There was certainly no uniformity of opinion on what impact Brexit might have on their National Health Service. Now that the results are in, we still will not know until the destabilization begins to settle down.
So what is the most likely outcome? The basic structure of their revered health system will likely remain intact, but it may be subjected to tweaking, the nature of which will depend on the ideology prevalent in the political environment after the shakeup occurs, already beginning with the announcement that Conservative Prime Minister David Cameron will resign.
What impact will this have on health care reform in the United states? Virtually none. The probable Democratic presidential nominee has said that she will perpetuate the current system, adding minor beneficial tweaks. The probable Republican presidential nominee will likely accept the recommendations in the white paper released by the House Republicans which basically proposes perpetuating the current system with tweaks that they consider to be beneficial from a conservative perspective.
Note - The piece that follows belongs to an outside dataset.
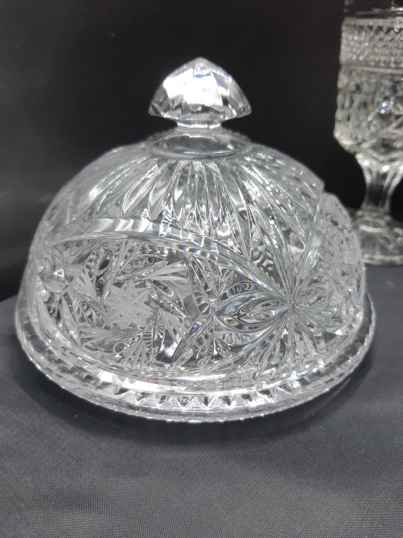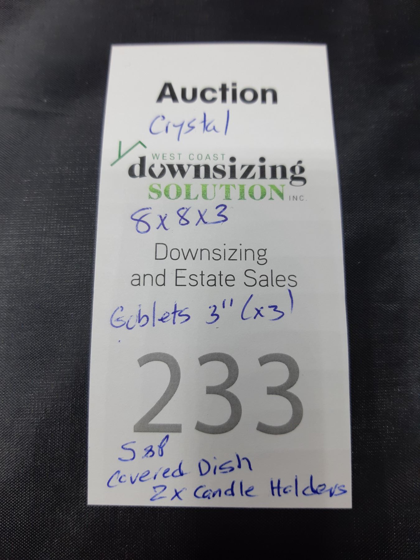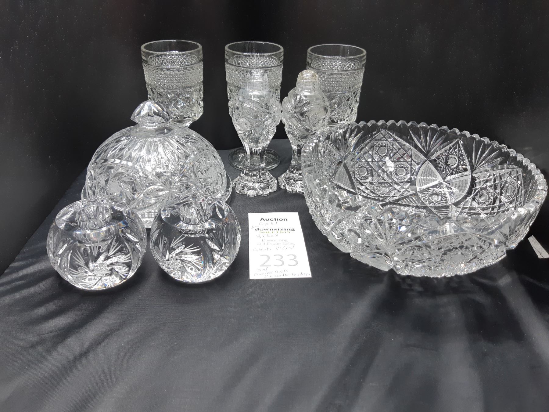 Large bowl 8x8x3, 3 Cut glass goblets 3", Crystal S&P, Covered Butter Dish & 2 candle holders Bring packing material and pickup at 9 am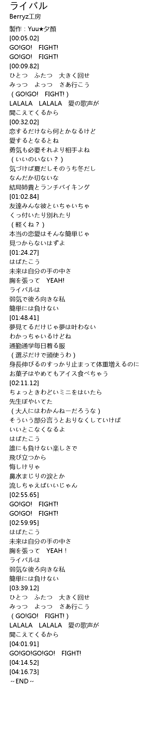 | [04:12.51] | GO! GO! GO! GO! FIGHT! |

Bernie Sanders and colleagues are attempting to shift the Democratic platform to a position of support for a single payer national health program – Medicare for All – but Hillary Clinton has already made it very clear that she would not support such a change.
We can sympathize with the difficulties faced by the Europeans as they work out the Brexit problems and what is to follow. But if we are to learn from this, we must understand how important it is to be informed on public policy and then to elect politicians who will carry out a pledge to make our nation work well for all of us. We don’t seem to be doing that now. We do not have the prospect of a Usexit since we have nowhere to go.